Nº 70067092551 (Nº CNJ: 0394633-95.2015.8.21.7000)

2015/Crime


AGRAVO EM EXECUÇÃO. ISENÇÃO DE MULTA. INDEFERIMENTO. INCONFORMIDADE DEFENSIVA.
Tratando-se de pena imposta na condenação transitada em julgado, mostra-se inadmissível a isenção do pagamento da pena de multa. Precedentes. Caso concreto em que as dificuldades econômicas do apenado já foram consideradas quando do deferimento de pagamento parcelado do valor da condenação.

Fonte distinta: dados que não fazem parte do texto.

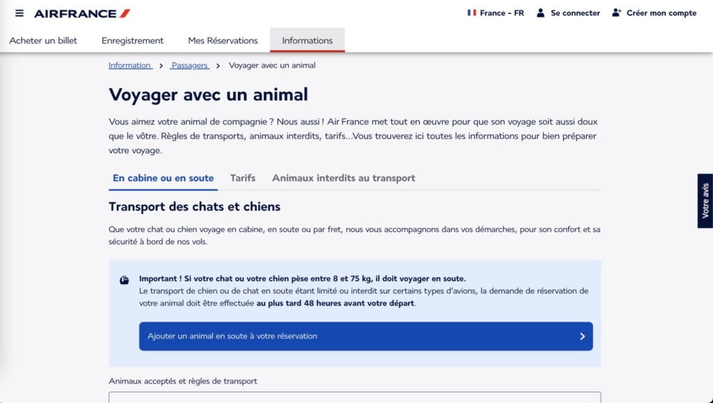 Quanto costa viaggiare con il proprio animale domestico con Air France?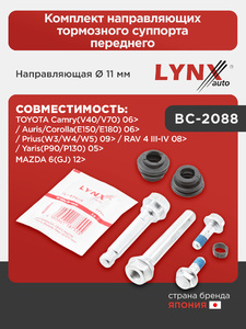Комплект направляющих тормозного суппорта переднего (направляющая Ø 11 mm) LYNXauto BC-2088. Для: Mazda, Мазда, 6(GJ) 12>, Toyota, Тойота, Camry(Камри)(V40/V70) 06> / Auris/Corolla(Корола).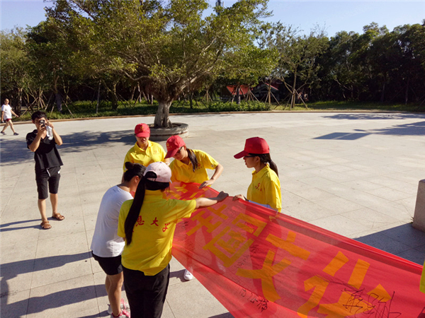 7月12日下午,今年会“魅力凤里”赴石狮市永宁古镇暑假实践队在万寿塔下进行横幅签名,以及分发调查问卷。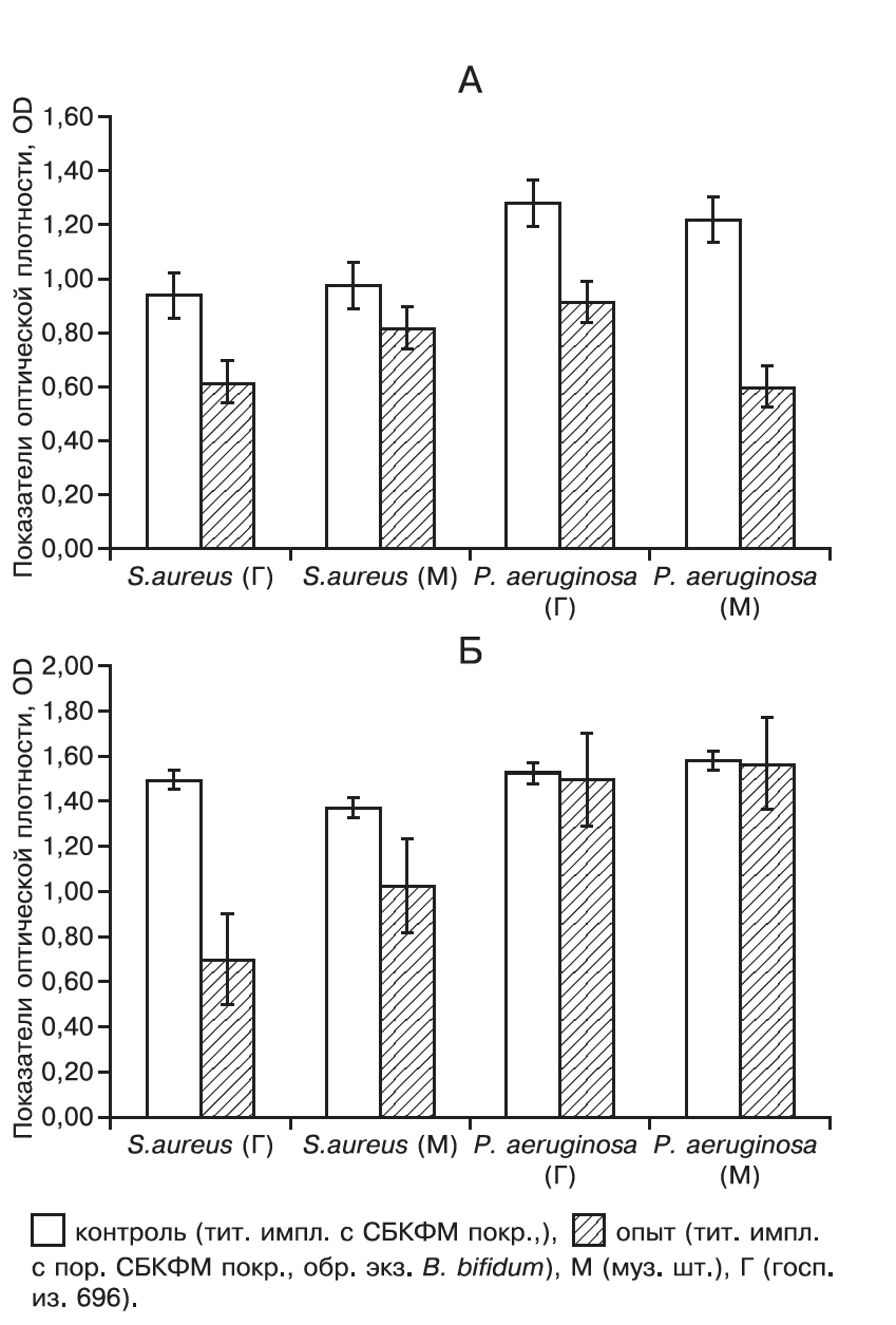 Aim. To study the effect of exometabolites of Bifidobacterium bifidum on the biological properties of causative agents of purulent-septic complications in trauma and orthopedic practice and to evaluate their effect on reparative bone tissue regeneration in the peri-implant zone in the postoperative period. Materials and methods. Using the museum cultures of B. bifidum 791, S. aureus 25923 ATCC, P. aeruginosa 27853 ATCC and antibiotic-resistant hospital strains, isolated from patients with periprosthetic infection and osteomyelitis (S.aureus 889, S. epidermidis 2041, P. aeruginosa 9672). The supernatant (exometabolites) of B. bifidum 791 was obtained from a broth culture, which was centrifuged and passed through a membrane filter. In studying the effect of exometabolites of bifidobacteria on the proliferative activity of bacteria, the two-day supernatant of B. bifidum was co-incubated for 24 cultures of museum and hospital strains. The biofilm formation in vitro experiment was studied after 24 and 96 hours. Treatment of implants with exometabolites of bifidobacteria was carried out for 30 minutes. Experimental research was carried out on rabbits of breed «Flandr». Titanium implants without coating (control) and with porous SBKFM coating treated with exometabolites of B. bifidum (experiment) were screwed into the tibial bones of animals. Histological examination and computed microtomography were performed using a SkyScan 1172 instrument (BRUKER). Result. Depending on the time of cultivation of bifidobacteria, the supernatant B. bifidum 791 had a bacteriostatic and bactericidal effect to varying degrees, and also inhibited the biofilm formation of the studied microorganism cultures, including antibiotic-resistant strains. In in vivo experiments, the use of porous SBKFM coatings on titanium implants treated with the supernatant of bifidobacteria made it possible to maintain the mineral density indices of the peri-implantation zone at a high level in comparison with the use of control titanium implants without coating. Conclusion. Positive results of preclinical experiments are promising for further clinical research in trauma and orthopedic practice, which ultimately will reduce the risk of developing septic complications and prevent the migration of metal structures and instability of endoprostheses in the postoperative period.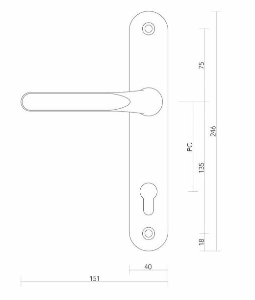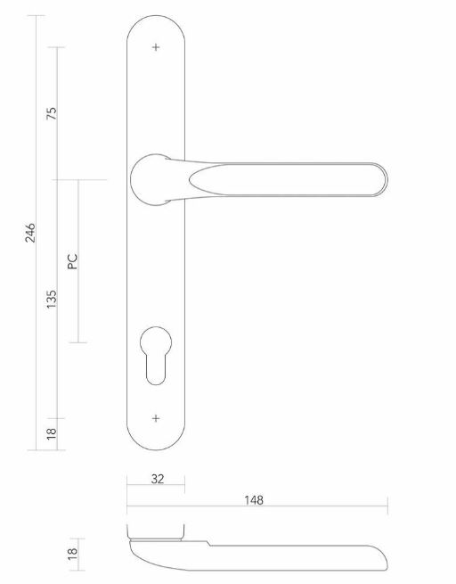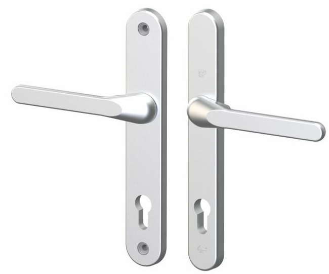 Deze set heeft aan de buitenkant en aan de binnenkant een heel vlakke deurkruk (zie maattekening). Dat is speciaal voor rolluiken.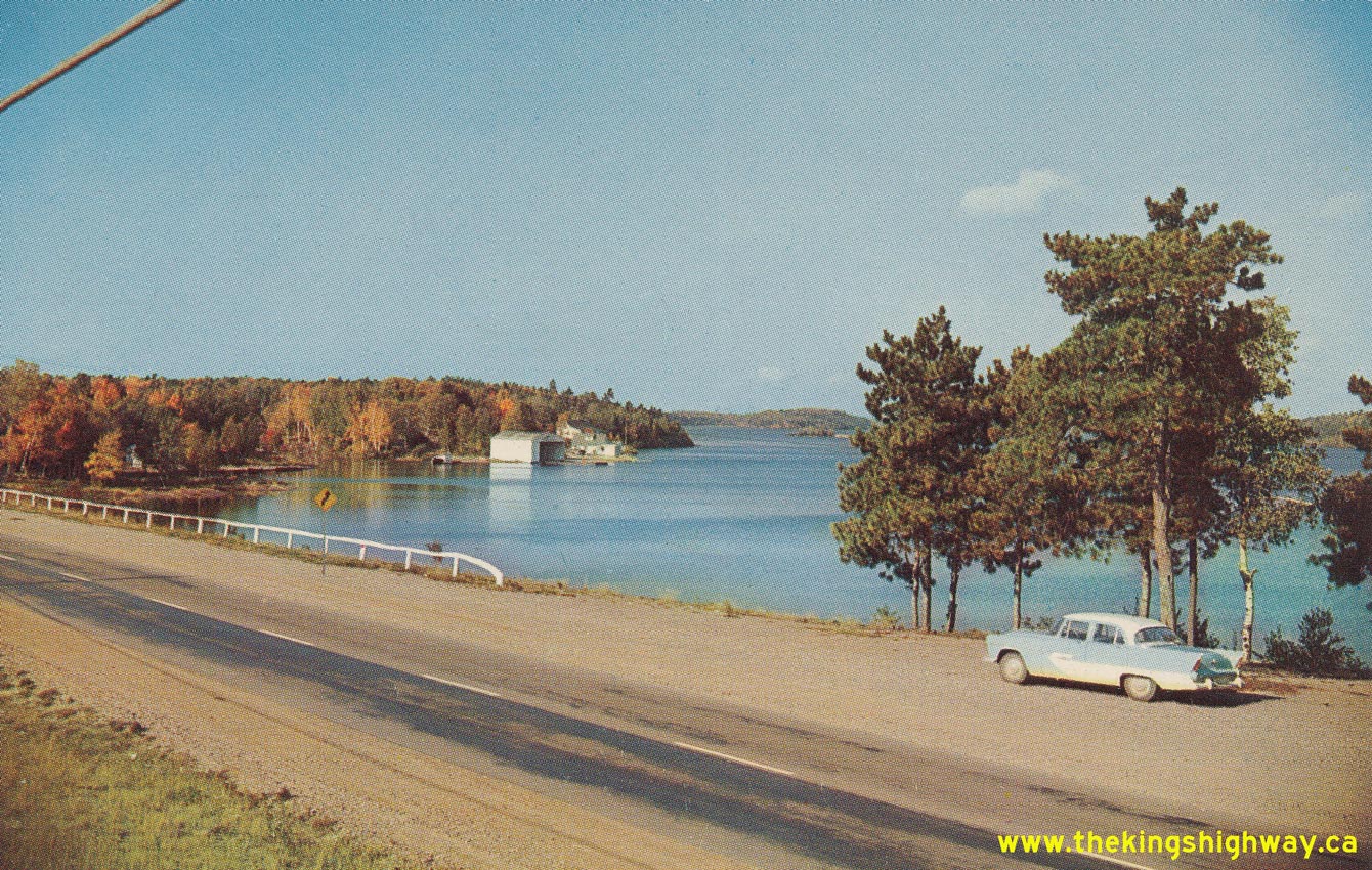 Left - Circa 1957 postcard view of Hwy 17 at Lauzon Lake, east of Blind River. See an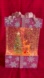 Lighted snowglobe shaped like a pink gift box with reindeer and Christmas tree. Motor provides continuous glitter movement. 8” high and 5” wide. Requires 3 AA batteries. Included. Excellent preowned condition in working order.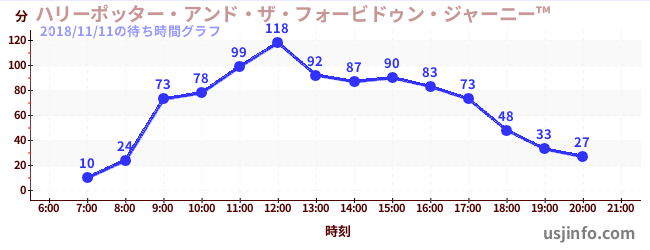 • ハリーポッター・アンド・ザ・フォービドゥン・ジャーニー™$B$N(B2018年11月11日の待ち時間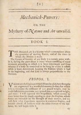 Credit: Mechanick powers; or, The mystery of nature and art unvail'd ... Together, with a treatise of circular motion artificially fitted to mechanick use, and the making of clock-work, and other engines ... The whole comprized in ten books, and illustrated with copper cuts / By Ven. Mandey, Philomat [and J. Moxon]. Source: Wellcome Collection.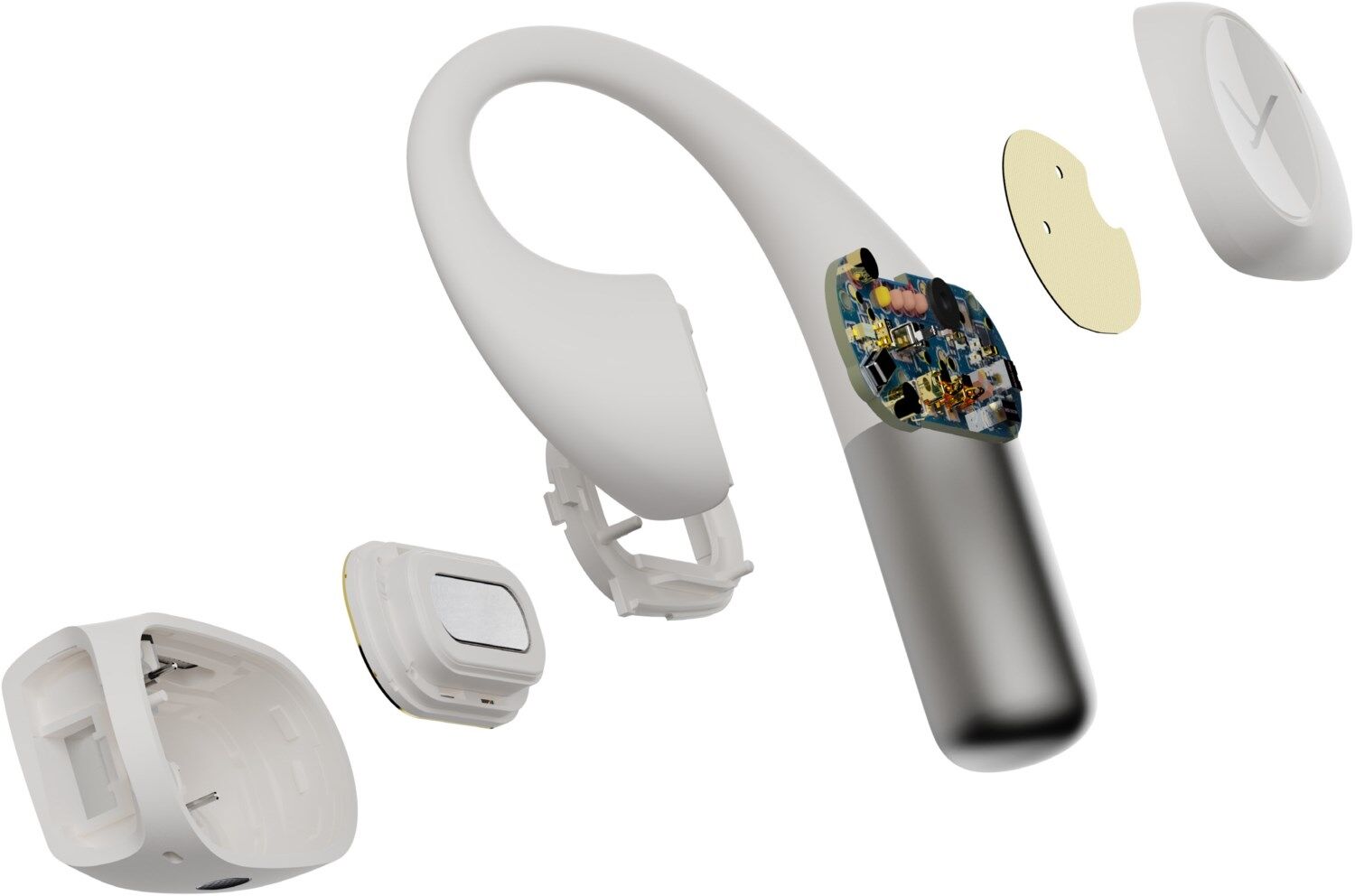 AMIRON 200 ist ein kabelloser Bluetooth®-Sportkopfhörer in offener Bauweise. AMIRON 200 sitzt nicht im Gehörgang, sondern liegt auf dem Ohr auf und leitet den Klang direkt in das Ohr. Dieses Design ermöglicht es, Musik zu hören, Sport zu treiben und gleichzeitig die Umgebung sicher und bewusst wahrnehmen zu können.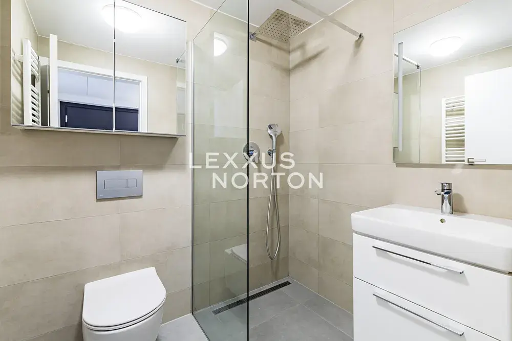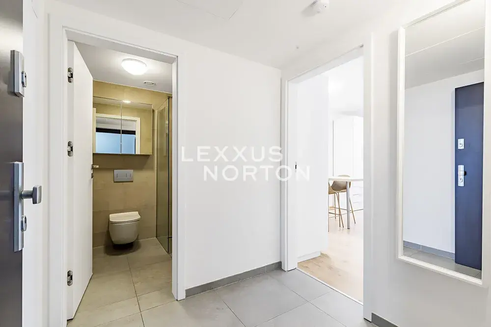 Součástí vybavení je jídelní barový stůl se dvěma židlemi, pohovka, konferenční stolek a prostorná vestavěná skříň s dostatkem úložných prostor. Kuchyňská linka je vybavena lednicí, dvouplotýnkovou varnou deskou a troubou. Koupelna nabízí walk-in sprchový kout a toaletu. V bytě je k dispozici také pračka.

Agravo improvido.

Agravo em Execução


Segunda Câmara Criminal

Nº 70067092551 (Nº CNJ: 0394633-95.2015.8.21.7000)


Comarca de Osório

JUNIOR DA SILVA FANTINEL


AGRAVANTE

MINISTÉRIO PÚBLICO


AGRAVADO


ACÓRDÃO

Vistos, relatados e discutidos os autos.

Acordam os Desembargadores integrantes da Segunda Câmara Criminal do Tribunal de Justiça do Estado, à unanimidade, em negar provimento ao agravo.

Custas na forma da lei.

Participaram do julgamento, além do signatário, os eminentes Senhores Des. José Antônio Cidade Pitrez (Presidente) e Des.ª Rosaura Marques Borba.
Porto Alegre, 10 de março de 2016.

DES. VICTOR LUIZ BARCELLOS LIMA,

Relator.

RELATÓRIO

Des. Victor Luiz Barcellos Lima (RELATOR)
Trata-se de agravo interposto por JUNIOR DA SILVA FANTINEL, por intermédio da DEFENSORIA PÚBLICA, contra a decisão proferida pelo juízo da Vara de Execuções Criminais da Comarca de Osório, que indeferiu o pedido de isenção do pagamento da pena de multa estipulada com a condenação (fl. 36).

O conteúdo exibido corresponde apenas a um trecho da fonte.